To determine the abilities of strains either to rescue other developmentally defective strains in spore formation or to be rescued from their own sporulation defect, the strains in question were mixed in a 1:1 ratio before being deposited into microtiter wells for submerged culture. Strains could be differentiated by selecting for the appropriate antibiotic marker—either kanamycin (40 μg/ml) or oxytetracycline (12.5 μg/ml).

Tn5lac mutagenesis and isolation of developmental mutants.

Tn5lac was introduced into the fully motile strain DK1622 by P1 transduction (14). Kmr transductants were picked to fresh CTT-plus-kanamycin plates. Approximately 10,000 transductants were examined for increased lacZ expression during development over a 3-day period by Harvey Kimsey. Vegetatively growing cells were transferred on toothpicks from CTT agar to TPM agar plates containing 40 μg of X-Gal (5-bromo-4-chloro-3-indoyl-β-d-galactopyranoside)/ml or CTT agar plates containing 20 μg of X-Gal/ml. Levels of β-galactosidase activity were estimated by comparing the intensity of blue dye deposited by developing cells versus vegetatively growing cells. In all, 272 strains were retained because they displayed increased lacZ expression during development.

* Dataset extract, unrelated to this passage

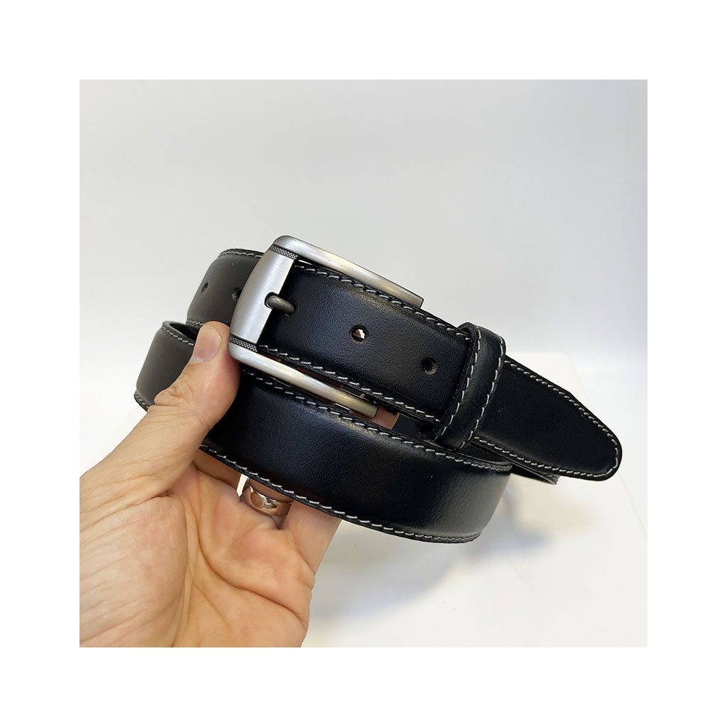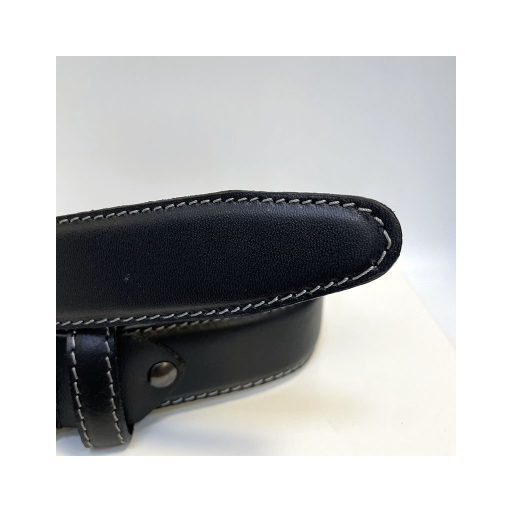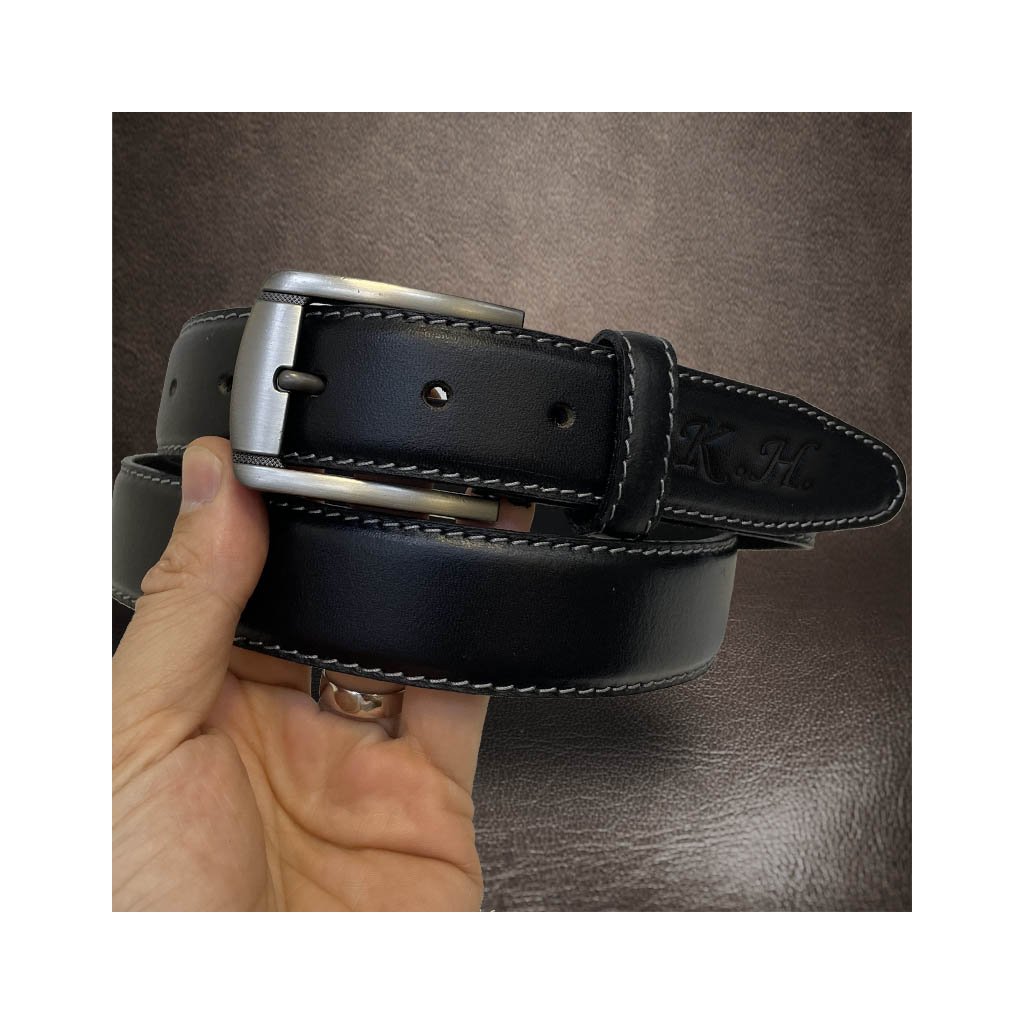 Pánský prošitý černý kožený pásek DEUTSCHLAND Leather s monogramem (ražba) lze zkátit

To identify insertion mutations that disrupted M. xanthus development, the Kimsey set of 272 Tn5lac insertion strains was then screened for the capacity to form fruiting bodies and spores. Vegetatively growing colonies of each strain were transferred on toothpicks to TPM agar and allowed to develop at 33°C for 3 or 5 days. At the end of the incubation period, the stabs were heated for 2 h at 50°C to kill the vegetatively growing cells and overlaid with soft agar that contained CTT with a higher concentration of Casitone such that the final concentration of Casitone on the plate was 1%. Three days later the stabs were scored for germination and growth. Spores survive the 50°C treatment and are able to germinate when overlaid with CTT, but mutations that block development either prevent the formation of heat-resistant spores or greatly reduce their number. Consequently, there is no growth, or a smaller colony, after the 1% Casitone overlay. The amount of growth for each strain was compared with those for DK1622, the wild-type strain, and DK5208, a csgA mutant strain, which were stabbed to each screening plate. Though not quantitative, the stabs do reveal strains that are severely defective in myxospore formation. The stabs are convenient for screening many strains. Cultures of possible mutant strains were checked quantitatively. To determine their capacities to swarm and and to develop fruiting body-like aggregates on TPM agar, mutant strains were examined microscopically.

Measurement of β-galactosidase activity from Tn5lac.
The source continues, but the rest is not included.